PostPosted: Sun Mar 04, 2007 6:15 am    Post subject: Reply with quote

My ex Nar laughed at me hysterically when I said to him: I was in love with you how could you treat me so badly?

He wouldnt stop. I said what is so funny? He said you just looked so funny in the way that you said that. I know, Isay. I know I didnt look funny. It wasnt funny and I told him this and told again to stop, He would nt stop, so somethin gin me just took over and I gestured down towards his stomach as to point and said, You cant handle this can you? You cant deal with this!! deep down in side you feel inferior to me, dont you!!!! he kept on laughing and I kept telling him to stop and he kept trying to stop like trying to hold his mouth shut but spitting out in a sense. I swear, I wanted to hit him so bad, but I just stood there and kept saying this isnt funny!!!!! What is your problem!!!!!

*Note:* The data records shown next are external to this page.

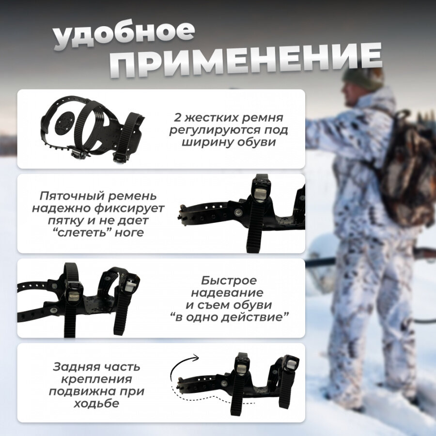 Крепление для лыж охотопромысловых / Лыжное крепление КОХ 002 (ЛРТ + накладка) универсальный размер на повседневную обувь
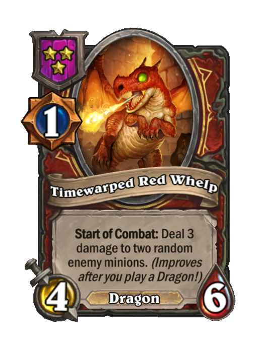 Timewarped Red Whelp is a Tier 3 Dragon Minion in Hearthstone Battlegrounds with 4/6 stats featuring Start of Combat. Effect: Start of Combat: Deal 3 damage to two random enemy minions. (Improves _______after you play a Dragon!)___.
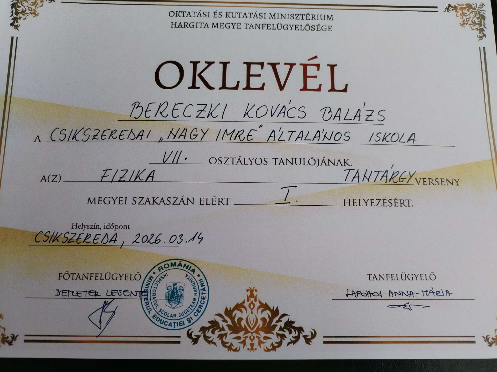 A fizika tantárgyverseny megyei szakasza 2026. március 14-én volt a csíkszeredai Kós Károly Szakközépiskolában. Iskolánkat Bereczki Kovács Balázs VII. B osztályos tanuló képviselte, aki I. díjban részesült!
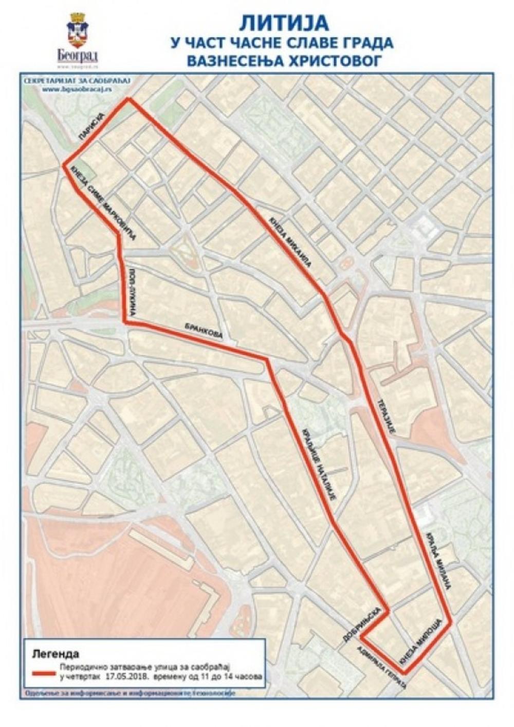 Iz Sekretarijata za saobraćaj mole sugrađane da od 10 do 14 časova, zbog održavanja litije, ne parkiraju svoja vozila u Admirala Geprata (na potezu od Dobrinjske do Kneza Miloša), u Dobrinjskoj (na potezu od Kraljice Natalije do Admirala Geprata), na taksi stajalištu na Terazijama, jer će u suprotnom ona biti uklonjena.
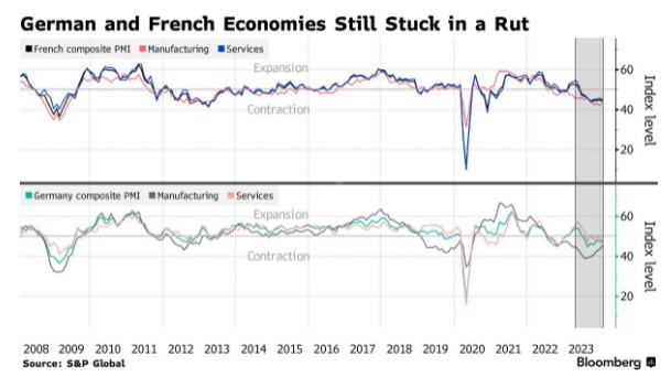 德国1月份PMI数据整体仍然黯淡,综合PMI初值为47.1。同样地,法国今年的开局也非常艰难,综合PMI初值为44.2。
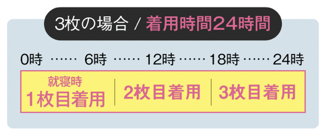 使用時間は1枚あたり8~12時間なので日中や睡眠中は1枚でOKです。
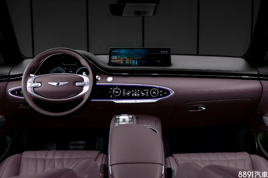 GV70內裝以韓國建築為靈感,中控台上方的橢圓形面板設計則取自飛機機翼,並藉由大量減少實體按鍵、隱藏式空調出風口、旋鈕式線傳排檔座等設計,讓車內看來相當簡約時尚。
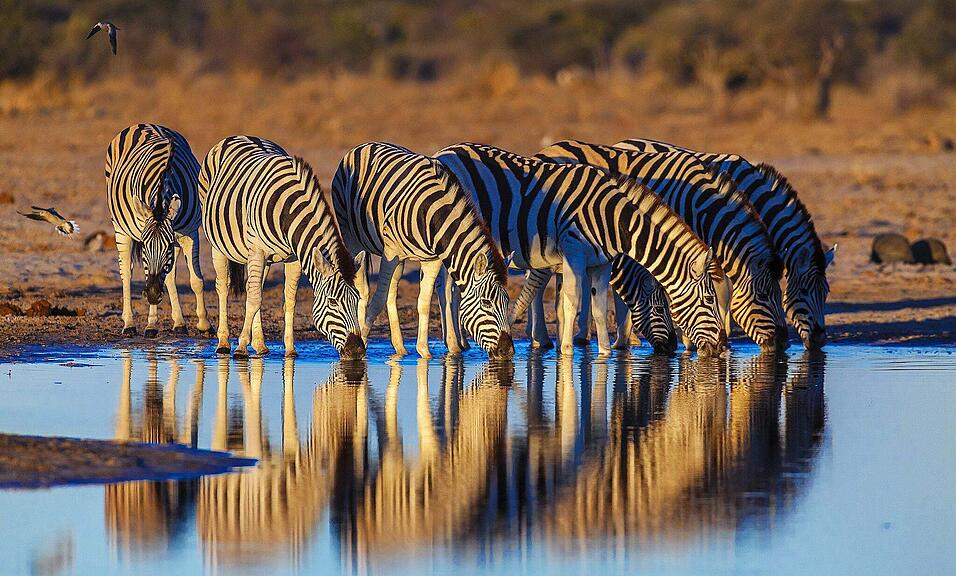 Der Etosha-Nationalpark ist ein 22'935 km² grosser Nationalpark im Norden von Namibia und bedeutendstes Schutzgebiet des Landes. Der Park liegt am Nordwestrand des Kalahari-Beckens und umfasst fast die gesamte 4760 km² grosse Etosha-Pfanne. Der abwechslungsreiche Etosha Nationalpark bietet wegen seiner offenen Vegetation ideale Bedingungen für Tierbeobachtungen. Die Wasserstellen, wie zum Beispiel Newbronii und Okondeka, bieten die besten Möglichkeiten, um Elefanten, Nashörner, Giraffen, Zebras und vielleicht auch Löwen, Leoparden oder andere Raubtiere zu beobachten und zu fotografieren, die hier ihren Durst stillen. Eine Besonderheit sind die verschiedenen Antilopenarten, unter anderem das Eland, die grösste Antilope, und das Damara Dikdik, die Kleinste. In Olifantsbad gibt es sogar einen umzäunten kleinen Hügel, wo Sie im Gegensatz zu den anderen Wasserstellen aussteigen können. Aus sicherer Entfernung können Sie von hier aus Tiere beobachten und ein wenig umherlaufen. Sie verlassen heute die Etosha Safari Lodge und fahren zur Mokuti Lodge durch den Etosha National Park. Das Abendessen wird Ihnen in der Mokuti Lodge serviert.
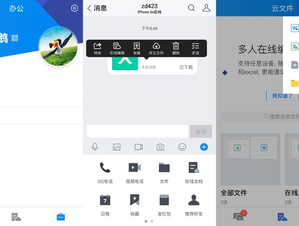 联系人:QQ登录后,联系人全同步,还可以将部分不常用联系人隐藏。

Then in an instant he stopped and changed his composure and started talking down to me in this authoritarin manner like I was a child who should be ashamed over the way "I" !!!!!!!! was acting. Gad!
I told him to never speak my name like that again or talk to me like that. I said, DONT YOU TALK TO ME LIKE THAT< OR EVER SAY MY NAME LIKE THAT AGAIN!!!!!!!! it felt good, then I left to never return.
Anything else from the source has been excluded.